Linear Models, Variable Selection, Artificial Intelligence

arXiv stat.ML / 5/1/2026

📰 NewsTools & Practical UsageModels & Research

Key Points

  • The paper reviews long-standing variable selection challenges in linear regression and contrasts common approaches like stepwise selection, AIC/BIC penalized likelihood, and coefficient-penalized methods such as LASSO and Elastic Net.
  • It proposes an AI-based model selection method that trains an ANN to assess variable significance using OLS estimates.
  • Simulation experiments evaluate accuracy across different sample sizes and variances, showing how the method performs under varying data conditions.
  • Additional simulations benchmark the ANN approach against Forward/Backward selection, AIC, BIC, and LASSO.
  • The authors demonstrate the method on a World Health Organization life expectancy dataset and provide a GitHub link with a pretrained ANN supporting up to 100 predictors, along with the original and subset datasets.

Abstract

Variable selection in linear regression models has been a problem since hypothesis testing began. Which variables to include or exclude from a model is not an easy task. Techniques such as Forward, Back ward, Stepwise Regression sequentially add or delete variables from a model.

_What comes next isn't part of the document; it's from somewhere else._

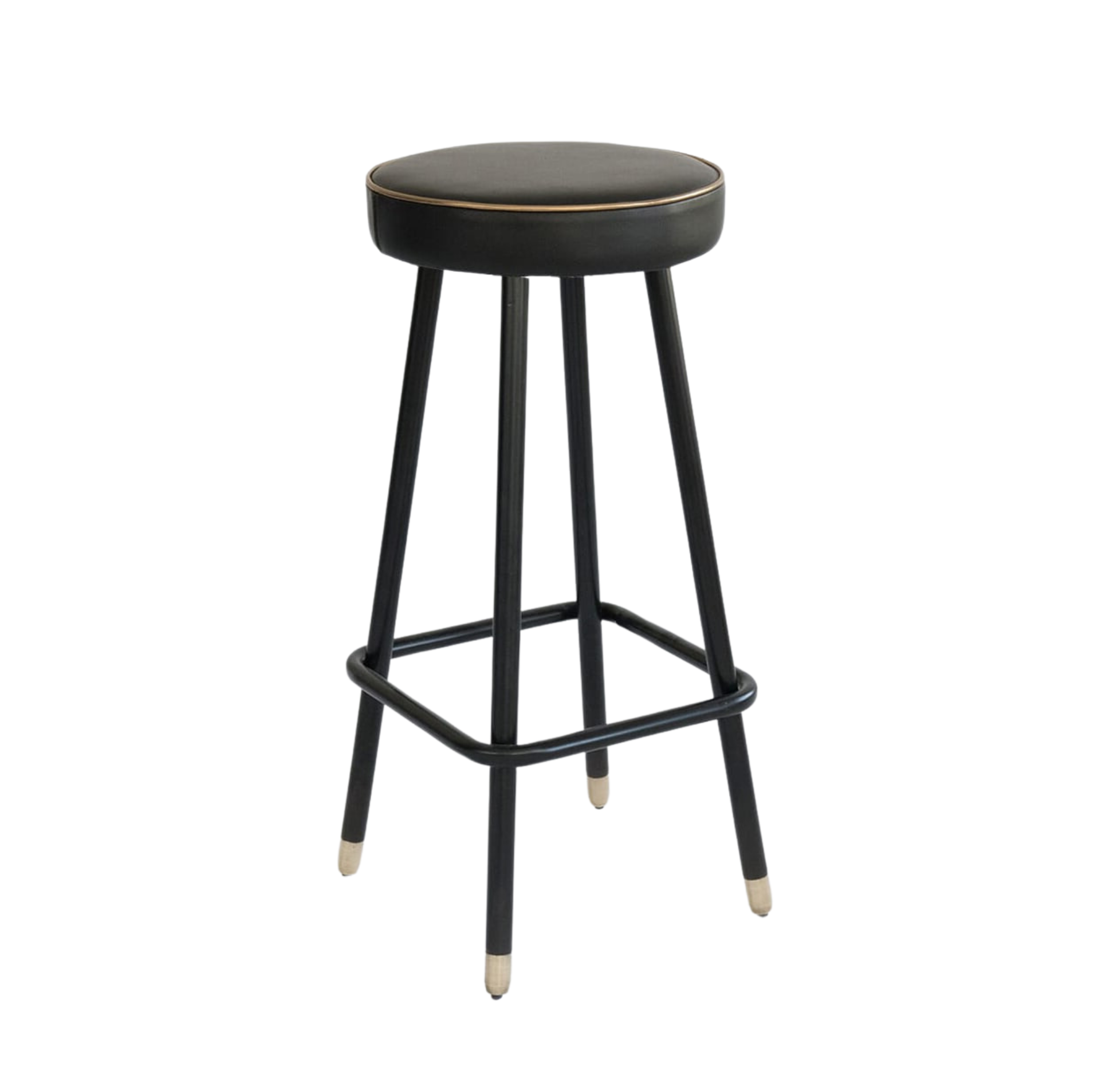 The “Block-B” stool combines minimalist design with a touch of luxury, making it ideal for hospitality and commercial settings. Designed for comfort and ease of use, it features a sleek steel base with polished brass leg accents that elevate its aesthetic. The stool fits seamlessly into bar, lounge, and dining areas.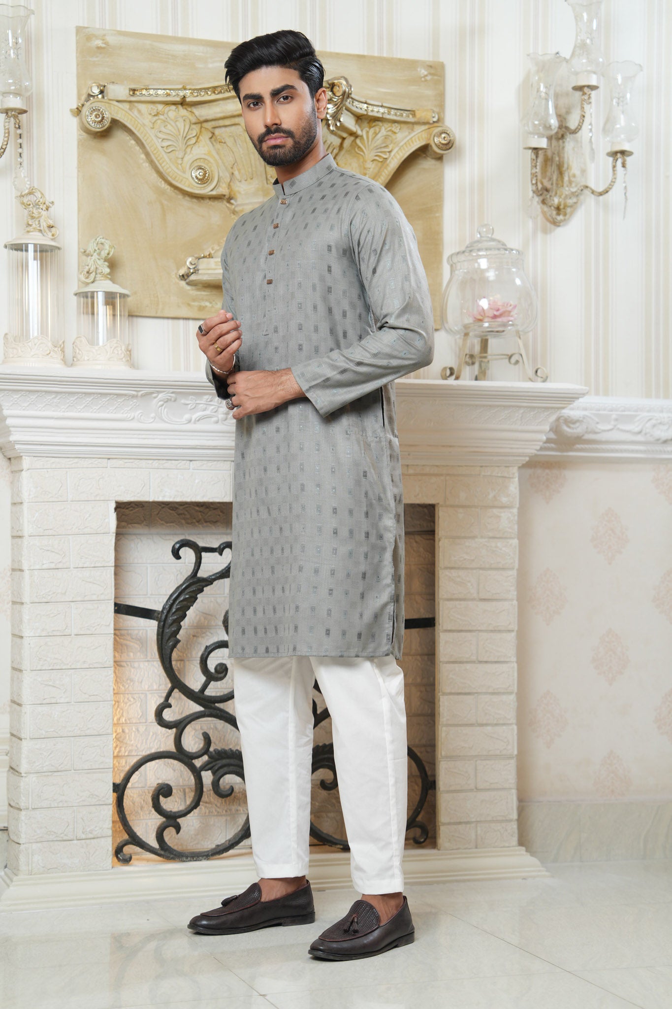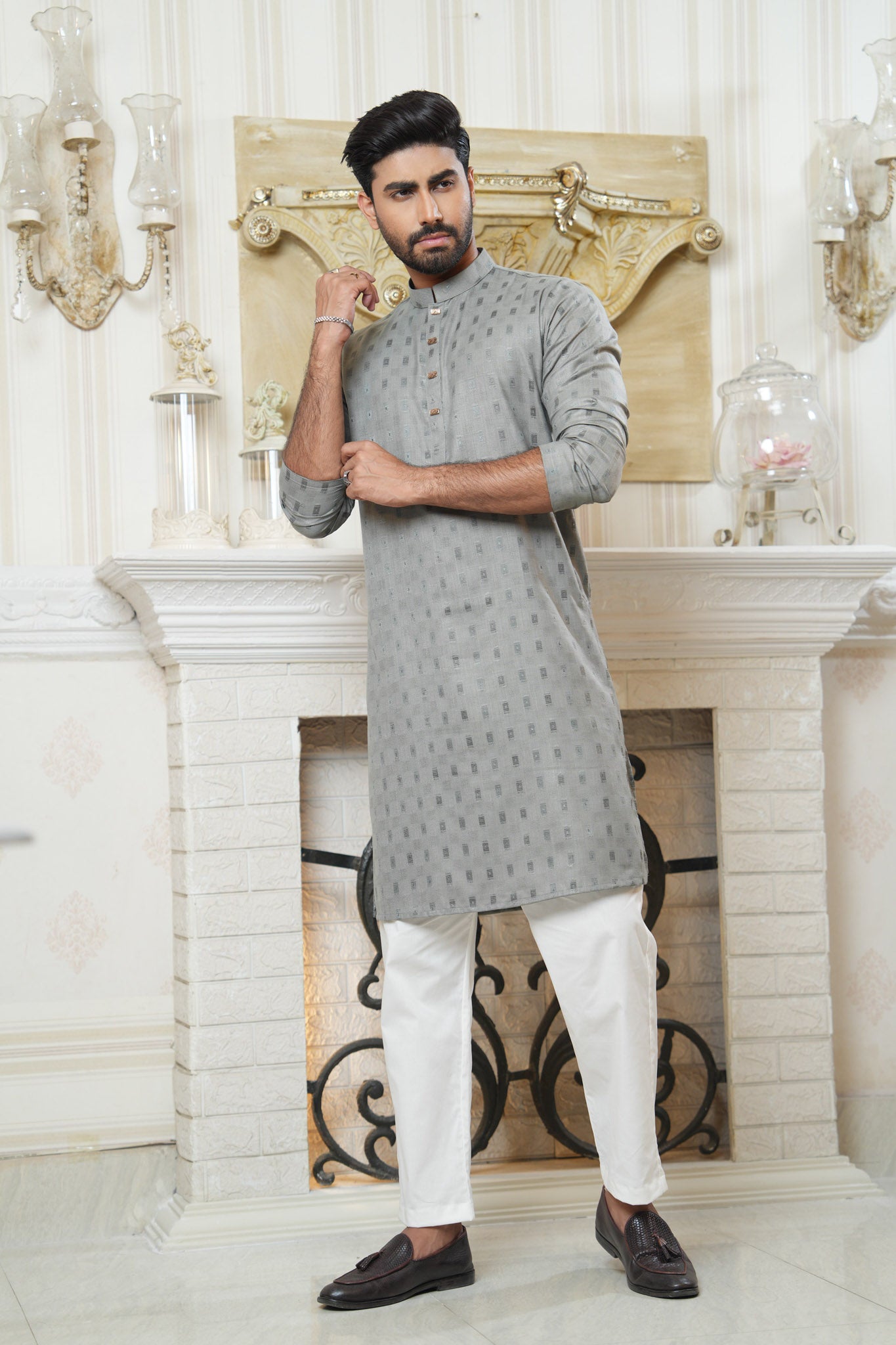 A slim fit Panjabi crafted from 100% cotton Jacquard fabric, featuring hidden placket detailing offers a stylish yet comfortable semi formal look. Perfect for effortless elegance and all-day ease.

Penalized likelihood methods such as AIC, BIC, etc. seek to choose variables that have a significant contribution to the likelihood. Penalized sum of square methods such as LASSO and Elastic Net have been used to penalize small coefficients to only allow variables with large coefficients in the model. This work introduces an Artificial Intelligence approach to model selection where an ANN is trained to determine the significance of the variables based on OLS estimates. A simulation study shows the accuracy across various sample sizes and variances. Furthermore, a simulation study is conducted to compare the performance of the approach against Forward, Backward, AIC, BIC and LASSO. The approach is illustrated using a dataset from the World Health Organization regarding Life Expectancy. A github link is provided to the pretrained ANN that can handle up to 100 predictor variables, the original WHO dataset and the subset used in this work.